The Night Watch: Ley’s Midnight Reckoning

At 3 a.m. on a Tuesday in January 2026, as the rest of Australia slept, Sussan Ley sat in her Parliament House office, staring at the latest polling. The numbers were a death notice24% primary support, One Nation at 21%, the Teals entrenched in the cities, and the Nationals walking out of shadow cabinet over her floundering authority. This wasn’t a political party anymore. It was a hospice, and Ley was the night nurse, keeping vigil over a patient that had already flatlined.

The Liberals’ collapse isn’t just about the numbers, though the numbers are damning. It’s about a party that has nothing left to offer but fear, nostalgia, and the fur-lined slippers of a relaxed and comfortable past that never existed for most Australians. The actual Liberal Party of Menzies’ imagination, not the Queensland mongrel cross called the LNP, not the Nationals masquerading under borrowed legitimacy, now holds precisely 18 seats in the House of Representatives. Eighteen.

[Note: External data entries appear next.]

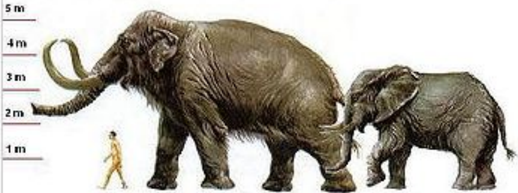
Сравнительные размеры мамонта, современного африканского слона и человека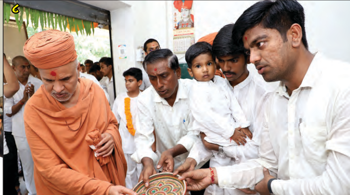
(૧-૬) વિસનગર, ઊંઝા, વિજાપુર, સ્વા. ધામ, વાસાણા, વસ્ત્રાલ ખાતે અનુક્રમે ગુરુજીની પદરામણીનો લાભ (૭-૮) નરોડા ખાતે સત્સંગ સભા તથા પદરામણીમાં ગુરુજીનો લાભ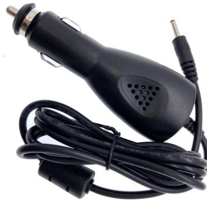
Alimentatore per auto per montaggio su veicolo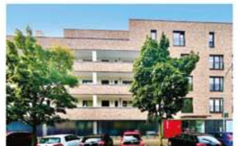
Bochum | Barrierefreie Eigentumswohnung mit TG-Stellplatz und großer Loggia in Altenbochum Wohnfläche: 89 qm, 3 Zimmer, Baujahr: 2009, Aufzug, Tiefgarage, große Loggia, Preis: 379.000 €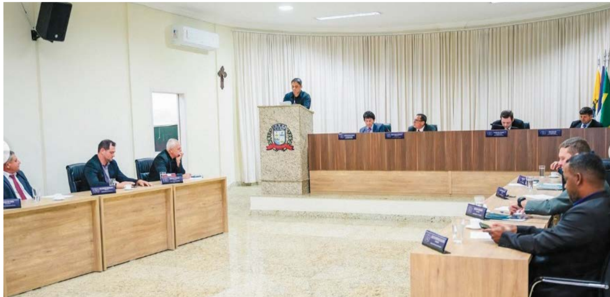
VEREADORES reunidos durante Sessão da Câmara de Rio Bananal

Essa devolução soma-se a outros R$ 193 mil repassados em junho, totalizando quase R$ 1,7 milhão economizados ao longo do ano. Na ocasião, os recursos foram aplicados pelo município em ações nas áreas de Educação, Turismo, Esporte e Lazer, além de beneficiarem diretamente duas entidades filantrópicas: a Associação de Pais e Amigos dos Excepcionais (APAE) e a Associação da Terceira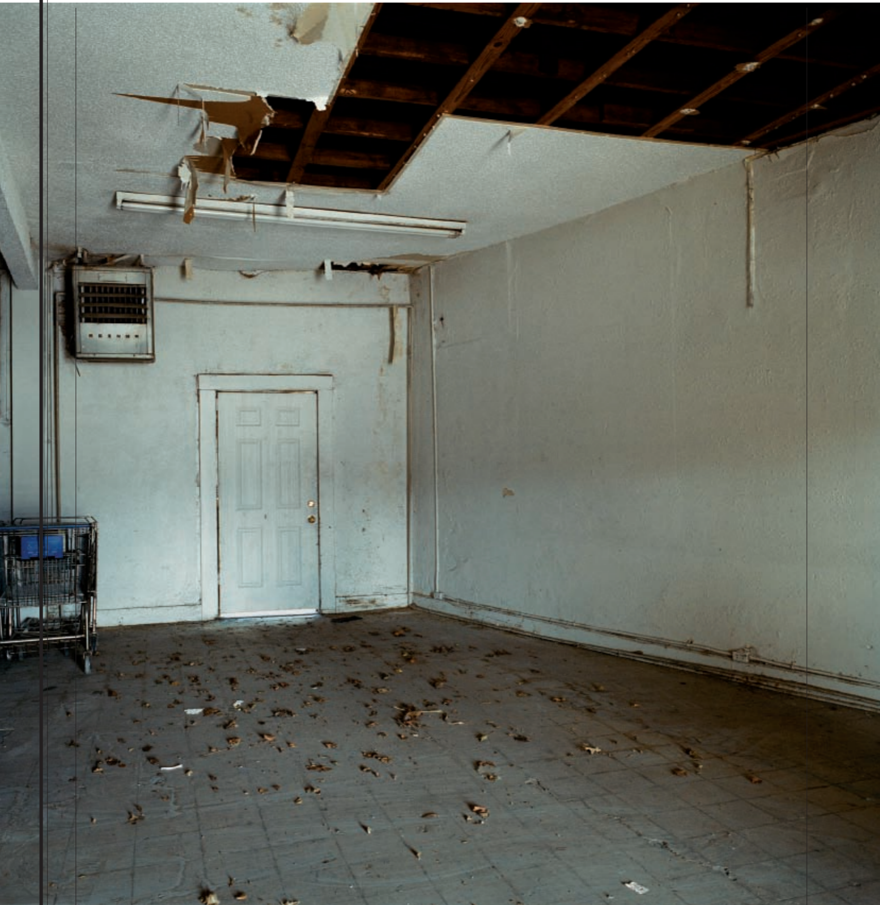
Tuxedo Junction (Birmingham, Alabama). "Tuxedo Junction es una canción escrita por Erskine Hawkins y Bill Johnson sobre este club de jazz y blues que formaba parte del Chitlin' Circuit [circuito de salas para el público afroamericano]. Glenn Miller grabó una de las versiones más conocidas, pero también la interpretaron Ella Fitzgerald o Duke Ellington. Se dice que en el sótano hubo un club punk en los 80".

That number is extraordinary. This is a party that held government for two-thirds of the post-war period, that claimed to speak for the “forgotten people,” that built its mythos on middle-class aspiration, middle-class welfare, and the entrepreneurial spirit, all shrewdly boosted with the divisive politics of racism, sexism, and xenophobia. Now? It has been wiped off the map in South Australia and Tasmania entirely. It holds three seats in Sydney, three in Melbourne, one in Perth, and the rest scattered across WA’s safest enclaves. The Liberals’ corporate DNA—mining giants, opaque donation flows, Business Council proxies—was always a veil for boardroom rule. But voters have seen through it.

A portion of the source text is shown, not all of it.